Power plant expansion sparks controversy over Denton home

- A Denton man with cerebral palsy is being moved out by the city to make way for a new power station. The city is giving him another home, but the woman who used to own it said she’s a victim too.

The original owner of the house on Bonnie Brae Street said she was forced to sell it after Denton Municipal Electric put in a new high voltage power line and widened the easement, which included part of the garage.

Linda Roth said she was never given the option to just remove the garage and was only told she’d have to sell or the city would take the home by eminent domain. She sold it for $137,000.

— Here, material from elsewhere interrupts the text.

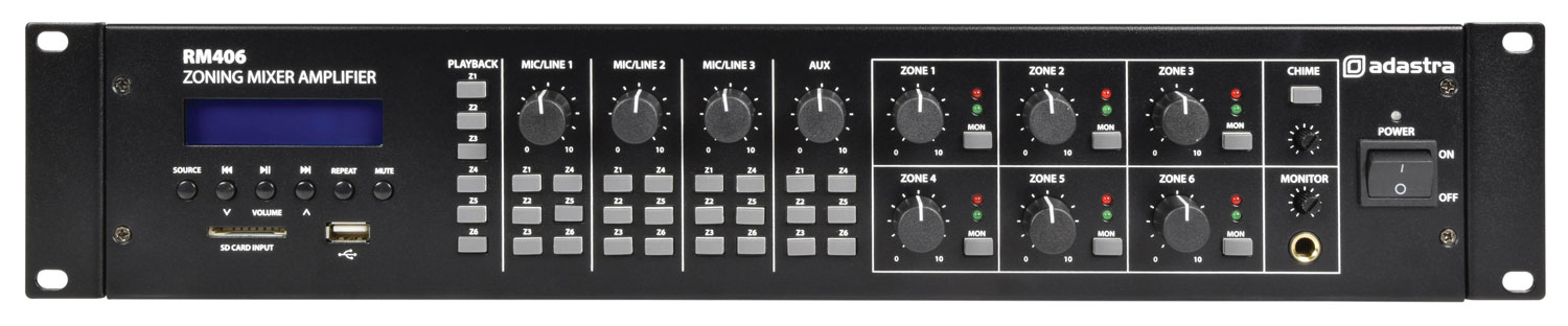 Il Adastra RM406 è un mixer-amplificatore di zona con una sezione di potenza classe D da 6 x 40W, compatibile con altoparlanti da 100V o 4/8 Ohm. Ogni zona può essere monitorata dal pannello frontale tramite un’uscita cuffie con controllo del volume. Dispone di 3 ingressi mic/line, 1 ingresso aux e un lettore USB/SD/FM integrato con ricevitore Bluetooth, che può essere commutato su ciascuna delle 6 zone in modo indipendente. Il canale Mic 1 ha un override variabile e ogni ingresso microfono ha un’alimentazione phantom commutabile. Un chime master con volume può essere utilizzato per chiamate e avvisi.

She wasn’t living in the house, but grew up there, raised her children there and earned rental income from it.

"I'm unhappy I didn't get any options," Roth said.

Enter Joe Rivas. He was told as a child he would not live past age 18 and would never go to school. He’s now 48 years old, has a master’s degree, writes children’s books and teaches a college psychology class online.

“I’m a very determined individual,” he said.

He’s also being forced out of his home because of Denton Municipal Electric expansions.  And it just so happens that the house Roth previously owned is the house DME’s relocation specialists found for him.

DME is tasked with helping Rivas relocate by state and federal law. So the home’s garage was removed and modifications were made to accommodate his specific needs because of the cerebral palsy.

Rivas said he’s sympathetic to Roth, but after years of being in apartments, this is a dream come true.

"It's a really good opportunity for me,” Rivas said.

At least one city council member is now unhappy with the way the city has handled the process. Councilwoman Keely Briggs wants the rest of the council to reconsider the decision to give Rivas the home.

The council will vote again on Tuesday, but it is unlikely the decision will change given the $300,000 the city has already spent to buy and remodel the house.

Rivas also has support from the community.

“I want him to know we had about 80 more emails this morning in support of Joe. He has a lot of friends in the community and a lot of support,” Briggs said.